David MacKay VC (23 November 1831 - 18 November 1880) was a Scottish recipient of the Victoria Cross (VC), the highest and most prestigious award for gallantry in the face of the enemy that can be awarded to United Kingdom and Commonwealth forces.

==Life==
Born at Alterwall, Howe, Lyth, Scotland, the son of a farm labourer, he enlisted in the 93rd Highlanders (which became the 93rd Sutherland Highlanders and ultimately the Argyll and Sutherland Highlanders) on 23 December 1850 and served in the Crimean War.

==The VC==
He was awarded the VC for an action at the Siege of Lucknow during the Indian Mutiny.
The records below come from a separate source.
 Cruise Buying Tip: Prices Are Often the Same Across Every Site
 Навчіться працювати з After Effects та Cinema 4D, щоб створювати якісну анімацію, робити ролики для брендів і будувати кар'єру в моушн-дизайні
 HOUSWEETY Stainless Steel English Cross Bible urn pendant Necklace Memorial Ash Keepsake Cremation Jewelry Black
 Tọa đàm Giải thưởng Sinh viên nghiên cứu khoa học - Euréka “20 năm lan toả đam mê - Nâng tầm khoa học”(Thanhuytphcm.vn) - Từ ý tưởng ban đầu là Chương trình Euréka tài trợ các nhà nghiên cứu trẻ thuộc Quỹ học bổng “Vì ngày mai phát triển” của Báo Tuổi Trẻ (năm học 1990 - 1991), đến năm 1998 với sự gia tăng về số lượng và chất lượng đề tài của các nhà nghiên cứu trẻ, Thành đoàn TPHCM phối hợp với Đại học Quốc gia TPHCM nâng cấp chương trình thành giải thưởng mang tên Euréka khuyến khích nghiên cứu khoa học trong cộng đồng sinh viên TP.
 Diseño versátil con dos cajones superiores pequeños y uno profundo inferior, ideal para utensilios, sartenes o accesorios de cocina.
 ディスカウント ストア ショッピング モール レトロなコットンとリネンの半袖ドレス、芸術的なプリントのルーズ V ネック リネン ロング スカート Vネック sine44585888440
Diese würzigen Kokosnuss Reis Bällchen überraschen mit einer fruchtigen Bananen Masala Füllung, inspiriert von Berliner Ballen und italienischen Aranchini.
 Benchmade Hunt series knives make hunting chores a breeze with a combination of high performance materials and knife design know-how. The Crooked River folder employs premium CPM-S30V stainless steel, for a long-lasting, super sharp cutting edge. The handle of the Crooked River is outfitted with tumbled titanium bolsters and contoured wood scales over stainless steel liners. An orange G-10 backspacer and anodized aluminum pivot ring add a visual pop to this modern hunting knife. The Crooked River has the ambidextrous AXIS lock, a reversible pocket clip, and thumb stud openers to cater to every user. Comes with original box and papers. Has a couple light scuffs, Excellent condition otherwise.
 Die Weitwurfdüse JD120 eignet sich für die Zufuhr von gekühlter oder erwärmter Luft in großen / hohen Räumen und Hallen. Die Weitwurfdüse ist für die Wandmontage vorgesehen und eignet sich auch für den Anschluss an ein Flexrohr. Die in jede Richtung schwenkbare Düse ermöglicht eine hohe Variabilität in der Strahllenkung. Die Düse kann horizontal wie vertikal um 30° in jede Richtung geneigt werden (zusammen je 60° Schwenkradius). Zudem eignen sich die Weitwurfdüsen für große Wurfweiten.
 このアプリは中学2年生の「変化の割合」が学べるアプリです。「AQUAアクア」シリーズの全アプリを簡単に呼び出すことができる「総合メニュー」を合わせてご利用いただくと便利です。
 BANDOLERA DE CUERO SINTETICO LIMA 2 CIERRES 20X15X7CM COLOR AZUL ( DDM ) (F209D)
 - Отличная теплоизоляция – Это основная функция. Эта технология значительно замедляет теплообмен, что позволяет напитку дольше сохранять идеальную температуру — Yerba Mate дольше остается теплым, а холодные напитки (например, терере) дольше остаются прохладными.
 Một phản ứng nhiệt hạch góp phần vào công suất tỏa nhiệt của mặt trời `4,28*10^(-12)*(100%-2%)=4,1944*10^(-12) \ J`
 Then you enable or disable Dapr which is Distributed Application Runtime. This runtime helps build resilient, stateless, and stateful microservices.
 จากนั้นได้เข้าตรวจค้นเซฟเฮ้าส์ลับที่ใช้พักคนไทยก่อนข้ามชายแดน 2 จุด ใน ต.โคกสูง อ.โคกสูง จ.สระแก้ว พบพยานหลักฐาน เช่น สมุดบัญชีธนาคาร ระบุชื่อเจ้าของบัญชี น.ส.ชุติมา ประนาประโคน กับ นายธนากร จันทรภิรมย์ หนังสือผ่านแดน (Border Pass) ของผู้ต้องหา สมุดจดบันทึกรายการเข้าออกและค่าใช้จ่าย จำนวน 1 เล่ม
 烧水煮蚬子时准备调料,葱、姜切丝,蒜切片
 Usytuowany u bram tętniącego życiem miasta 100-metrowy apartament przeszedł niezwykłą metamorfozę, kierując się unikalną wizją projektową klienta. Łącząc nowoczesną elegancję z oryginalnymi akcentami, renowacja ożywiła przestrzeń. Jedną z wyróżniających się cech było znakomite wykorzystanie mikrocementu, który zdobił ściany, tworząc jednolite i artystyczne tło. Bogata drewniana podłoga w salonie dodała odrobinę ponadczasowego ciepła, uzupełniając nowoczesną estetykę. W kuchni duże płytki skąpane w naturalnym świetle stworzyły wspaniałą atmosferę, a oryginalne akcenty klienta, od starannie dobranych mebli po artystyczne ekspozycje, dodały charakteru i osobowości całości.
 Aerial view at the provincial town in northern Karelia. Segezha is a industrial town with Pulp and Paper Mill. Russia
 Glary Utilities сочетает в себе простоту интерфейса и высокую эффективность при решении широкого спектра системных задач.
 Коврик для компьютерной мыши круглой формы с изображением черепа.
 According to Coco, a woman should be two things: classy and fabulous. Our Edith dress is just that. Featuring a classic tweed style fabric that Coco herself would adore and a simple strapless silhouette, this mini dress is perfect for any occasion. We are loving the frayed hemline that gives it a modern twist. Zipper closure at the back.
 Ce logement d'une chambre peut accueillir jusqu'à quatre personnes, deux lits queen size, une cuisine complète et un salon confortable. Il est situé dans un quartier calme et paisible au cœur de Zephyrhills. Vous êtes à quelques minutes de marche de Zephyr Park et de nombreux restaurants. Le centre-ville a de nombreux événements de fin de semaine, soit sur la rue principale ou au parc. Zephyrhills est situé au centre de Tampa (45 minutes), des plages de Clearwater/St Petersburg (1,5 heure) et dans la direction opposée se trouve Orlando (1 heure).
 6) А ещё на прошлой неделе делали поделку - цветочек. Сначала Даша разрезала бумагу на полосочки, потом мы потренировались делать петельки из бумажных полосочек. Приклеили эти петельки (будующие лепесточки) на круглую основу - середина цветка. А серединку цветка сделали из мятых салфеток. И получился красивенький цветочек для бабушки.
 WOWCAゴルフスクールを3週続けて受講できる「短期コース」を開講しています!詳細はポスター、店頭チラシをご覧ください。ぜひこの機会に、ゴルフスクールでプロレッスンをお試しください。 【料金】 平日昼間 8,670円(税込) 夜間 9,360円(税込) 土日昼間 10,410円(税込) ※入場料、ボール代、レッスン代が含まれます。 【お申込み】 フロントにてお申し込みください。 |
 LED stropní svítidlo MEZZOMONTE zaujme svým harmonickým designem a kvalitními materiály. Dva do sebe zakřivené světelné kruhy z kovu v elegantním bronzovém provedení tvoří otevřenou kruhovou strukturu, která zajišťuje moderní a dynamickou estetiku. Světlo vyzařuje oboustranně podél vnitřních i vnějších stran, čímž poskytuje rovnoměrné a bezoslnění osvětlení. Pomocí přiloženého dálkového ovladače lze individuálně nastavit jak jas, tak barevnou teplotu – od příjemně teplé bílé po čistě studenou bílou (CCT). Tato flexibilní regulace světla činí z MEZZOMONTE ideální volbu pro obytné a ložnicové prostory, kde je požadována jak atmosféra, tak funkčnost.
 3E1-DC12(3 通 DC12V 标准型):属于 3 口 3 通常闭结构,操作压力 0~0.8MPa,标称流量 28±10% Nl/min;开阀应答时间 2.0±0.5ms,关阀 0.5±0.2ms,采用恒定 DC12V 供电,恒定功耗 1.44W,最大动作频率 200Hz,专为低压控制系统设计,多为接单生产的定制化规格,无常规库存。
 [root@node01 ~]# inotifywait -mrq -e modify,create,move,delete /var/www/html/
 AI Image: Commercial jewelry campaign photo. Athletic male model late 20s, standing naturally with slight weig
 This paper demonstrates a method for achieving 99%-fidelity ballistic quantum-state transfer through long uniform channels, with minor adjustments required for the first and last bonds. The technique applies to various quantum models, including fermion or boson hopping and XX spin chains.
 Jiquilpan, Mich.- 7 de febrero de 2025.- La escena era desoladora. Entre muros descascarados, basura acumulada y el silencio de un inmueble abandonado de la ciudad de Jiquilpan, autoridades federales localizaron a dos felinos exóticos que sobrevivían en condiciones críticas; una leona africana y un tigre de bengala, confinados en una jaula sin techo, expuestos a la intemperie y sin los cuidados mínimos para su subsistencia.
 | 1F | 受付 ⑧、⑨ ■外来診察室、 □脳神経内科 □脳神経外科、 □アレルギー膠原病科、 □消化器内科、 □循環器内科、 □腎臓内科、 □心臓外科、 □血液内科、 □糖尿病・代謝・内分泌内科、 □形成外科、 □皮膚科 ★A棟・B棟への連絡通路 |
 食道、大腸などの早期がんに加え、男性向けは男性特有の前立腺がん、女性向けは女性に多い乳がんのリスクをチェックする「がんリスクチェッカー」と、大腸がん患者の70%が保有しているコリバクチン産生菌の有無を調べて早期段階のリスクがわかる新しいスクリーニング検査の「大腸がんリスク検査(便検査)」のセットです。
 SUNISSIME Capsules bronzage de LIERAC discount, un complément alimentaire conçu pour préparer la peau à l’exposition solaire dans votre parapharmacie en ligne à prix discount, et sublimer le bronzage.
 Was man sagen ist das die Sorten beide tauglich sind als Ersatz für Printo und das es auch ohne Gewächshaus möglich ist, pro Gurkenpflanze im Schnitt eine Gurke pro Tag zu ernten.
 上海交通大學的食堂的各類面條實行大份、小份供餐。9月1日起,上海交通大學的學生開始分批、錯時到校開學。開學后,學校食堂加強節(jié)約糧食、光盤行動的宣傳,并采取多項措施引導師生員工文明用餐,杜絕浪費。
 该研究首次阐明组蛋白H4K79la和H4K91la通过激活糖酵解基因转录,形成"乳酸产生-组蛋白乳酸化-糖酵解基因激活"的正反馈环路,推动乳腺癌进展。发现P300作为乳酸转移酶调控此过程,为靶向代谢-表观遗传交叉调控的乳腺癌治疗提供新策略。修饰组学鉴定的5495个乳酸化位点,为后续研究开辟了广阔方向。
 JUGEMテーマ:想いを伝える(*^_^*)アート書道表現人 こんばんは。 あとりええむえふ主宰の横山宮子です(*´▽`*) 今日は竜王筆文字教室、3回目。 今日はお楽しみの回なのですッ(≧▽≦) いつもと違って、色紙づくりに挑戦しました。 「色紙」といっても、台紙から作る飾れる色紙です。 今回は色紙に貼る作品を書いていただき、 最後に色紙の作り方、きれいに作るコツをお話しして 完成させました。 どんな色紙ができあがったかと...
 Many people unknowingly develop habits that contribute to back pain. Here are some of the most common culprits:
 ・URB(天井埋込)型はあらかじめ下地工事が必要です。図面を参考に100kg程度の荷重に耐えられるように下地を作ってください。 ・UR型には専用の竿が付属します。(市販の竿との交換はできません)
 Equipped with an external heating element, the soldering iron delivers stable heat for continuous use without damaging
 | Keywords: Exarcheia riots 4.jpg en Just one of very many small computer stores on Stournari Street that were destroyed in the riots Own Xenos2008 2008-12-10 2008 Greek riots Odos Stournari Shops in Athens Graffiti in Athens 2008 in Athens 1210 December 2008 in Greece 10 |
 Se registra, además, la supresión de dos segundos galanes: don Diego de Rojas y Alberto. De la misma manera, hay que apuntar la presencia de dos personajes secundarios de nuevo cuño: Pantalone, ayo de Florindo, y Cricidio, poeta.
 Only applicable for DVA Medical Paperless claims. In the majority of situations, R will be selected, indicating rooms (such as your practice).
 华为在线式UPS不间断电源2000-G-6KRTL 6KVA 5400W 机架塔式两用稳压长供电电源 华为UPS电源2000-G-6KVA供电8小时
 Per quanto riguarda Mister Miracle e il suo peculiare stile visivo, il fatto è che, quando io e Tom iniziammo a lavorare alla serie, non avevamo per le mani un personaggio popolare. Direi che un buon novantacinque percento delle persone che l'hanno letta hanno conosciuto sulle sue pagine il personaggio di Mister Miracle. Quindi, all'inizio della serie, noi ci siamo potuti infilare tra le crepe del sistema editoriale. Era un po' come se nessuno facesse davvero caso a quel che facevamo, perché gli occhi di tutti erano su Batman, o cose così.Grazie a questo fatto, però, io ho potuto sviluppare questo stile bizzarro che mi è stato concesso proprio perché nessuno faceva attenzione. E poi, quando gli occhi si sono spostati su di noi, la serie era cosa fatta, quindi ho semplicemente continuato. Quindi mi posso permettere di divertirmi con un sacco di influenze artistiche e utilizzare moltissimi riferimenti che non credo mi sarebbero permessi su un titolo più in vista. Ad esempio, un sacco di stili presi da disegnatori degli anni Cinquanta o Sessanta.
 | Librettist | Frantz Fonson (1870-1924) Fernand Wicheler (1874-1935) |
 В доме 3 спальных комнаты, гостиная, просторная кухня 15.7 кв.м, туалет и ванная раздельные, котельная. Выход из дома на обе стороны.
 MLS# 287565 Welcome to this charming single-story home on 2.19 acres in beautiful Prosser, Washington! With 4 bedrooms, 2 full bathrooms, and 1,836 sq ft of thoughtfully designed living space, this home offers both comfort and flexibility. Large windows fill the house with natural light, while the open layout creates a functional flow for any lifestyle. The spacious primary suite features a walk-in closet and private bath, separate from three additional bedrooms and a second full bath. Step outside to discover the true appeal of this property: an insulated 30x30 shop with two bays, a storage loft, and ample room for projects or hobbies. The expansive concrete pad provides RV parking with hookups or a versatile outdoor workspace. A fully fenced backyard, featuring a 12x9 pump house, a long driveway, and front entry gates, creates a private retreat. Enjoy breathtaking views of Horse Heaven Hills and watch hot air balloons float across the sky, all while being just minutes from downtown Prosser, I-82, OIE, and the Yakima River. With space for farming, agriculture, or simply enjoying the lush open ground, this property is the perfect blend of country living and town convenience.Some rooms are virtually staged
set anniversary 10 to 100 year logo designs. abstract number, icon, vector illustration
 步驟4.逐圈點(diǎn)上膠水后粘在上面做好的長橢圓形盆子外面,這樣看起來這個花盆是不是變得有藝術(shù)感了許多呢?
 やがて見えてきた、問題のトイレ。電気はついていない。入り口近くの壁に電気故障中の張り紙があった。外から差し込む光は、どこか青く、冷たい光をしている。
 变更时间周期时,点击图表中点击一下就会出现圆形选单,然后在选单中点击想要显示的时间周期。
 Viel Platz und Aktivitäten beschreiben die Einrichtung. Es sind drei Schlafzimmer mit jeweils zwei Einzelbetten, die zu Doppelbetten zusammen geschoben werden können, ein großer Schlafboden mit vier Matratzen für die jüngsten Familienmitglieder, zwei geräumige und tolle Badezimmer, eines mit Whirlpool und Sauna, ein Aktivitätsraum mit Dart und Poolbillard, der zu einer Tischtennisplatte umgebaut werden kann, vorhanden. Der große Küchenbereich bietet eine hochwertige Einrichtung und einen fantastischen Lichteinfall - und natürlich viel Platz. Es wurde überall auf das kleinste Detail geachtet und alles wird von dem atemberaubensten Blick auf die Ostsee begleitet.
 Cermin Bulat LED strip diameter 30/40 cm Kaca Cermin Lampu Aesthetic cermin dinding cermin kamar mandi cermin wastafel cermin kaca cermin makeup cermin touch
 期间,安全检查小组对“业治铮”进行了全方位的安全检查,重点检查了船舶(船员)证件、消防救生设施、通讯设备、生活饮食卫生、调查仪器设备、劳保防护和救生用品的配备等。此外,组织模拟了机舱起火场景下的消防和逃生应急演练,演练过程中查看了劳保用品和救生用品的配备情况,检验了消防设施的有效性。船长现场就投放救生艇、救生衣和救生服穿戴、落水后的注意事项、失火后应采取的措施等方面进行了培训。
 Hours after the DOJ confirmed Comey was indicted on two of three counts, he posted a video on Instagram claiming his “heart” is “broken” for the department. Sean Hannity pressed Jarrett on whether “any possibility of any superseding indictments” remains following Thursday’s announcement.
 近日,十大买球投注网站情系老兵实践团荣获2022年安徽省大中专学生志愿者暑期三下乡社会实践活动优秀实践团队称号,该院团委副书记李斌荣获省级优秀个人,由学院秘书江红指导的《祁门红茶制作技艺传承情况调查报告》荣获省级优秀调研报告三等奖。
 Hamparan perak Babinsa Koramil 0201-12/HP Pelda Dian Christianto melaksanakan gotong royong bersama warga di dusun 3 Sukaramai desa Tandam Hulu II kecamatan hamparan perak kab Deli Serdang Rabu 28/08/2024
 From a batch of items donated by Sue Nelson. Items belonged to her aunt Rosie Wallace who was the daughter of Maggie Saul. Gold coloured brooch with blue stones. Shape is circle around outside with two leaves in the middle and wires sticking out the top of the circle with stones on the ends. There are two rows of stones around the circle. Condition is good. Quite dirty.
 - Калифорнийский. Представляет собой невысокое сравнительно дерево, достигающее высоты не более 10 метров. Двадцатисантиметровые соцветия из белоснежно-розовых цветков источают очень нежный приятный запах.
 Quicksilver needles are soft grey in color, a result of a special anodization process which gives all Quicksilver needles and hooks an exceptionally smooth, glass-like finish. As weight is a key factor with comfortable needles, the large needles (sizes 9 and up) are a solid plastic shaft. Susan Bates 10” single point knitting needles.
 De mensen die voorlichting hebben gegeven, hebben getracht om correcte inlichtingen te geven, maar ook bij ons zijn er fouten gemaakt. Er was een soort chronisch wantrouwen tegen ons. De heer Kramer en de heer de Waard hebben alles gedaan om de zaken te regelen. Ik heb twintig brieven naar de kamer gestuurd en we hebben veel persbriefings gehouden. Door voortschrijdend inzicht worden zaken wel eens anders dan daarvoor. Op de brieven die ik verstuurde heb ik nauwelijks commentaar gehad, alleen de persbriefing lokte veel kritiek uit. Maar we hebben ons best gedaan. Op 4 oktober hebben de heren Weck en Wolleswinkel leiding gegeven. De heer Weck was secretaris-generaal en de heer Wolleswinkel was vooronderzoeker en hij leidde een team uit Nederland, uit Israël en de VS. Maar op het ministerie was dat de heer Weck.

His citation in the London Gazette dated 24 December 1858 reads:

For great personal gallantry in capturing an enemy colour after a most obstinate resistance, at the Secundrabagh, Lucknow, on the 16th of November 1857. He was severely wounded afterwards at the capture of the Shah Nujjif.

Elected by the private soldiers of the Regiment

===The medal===
The whereabouts of the VC is unknown, Mackay sold it while he was still alive and it was auctioned around 1910.

==Memorial==
Mackay was awarded the VC in 1857 but was buried in Lesmahagow cemetery in an unmarked grave. A ceremony was held at the cemetery on 14 November 1998 to unveil a marker erected near the grave.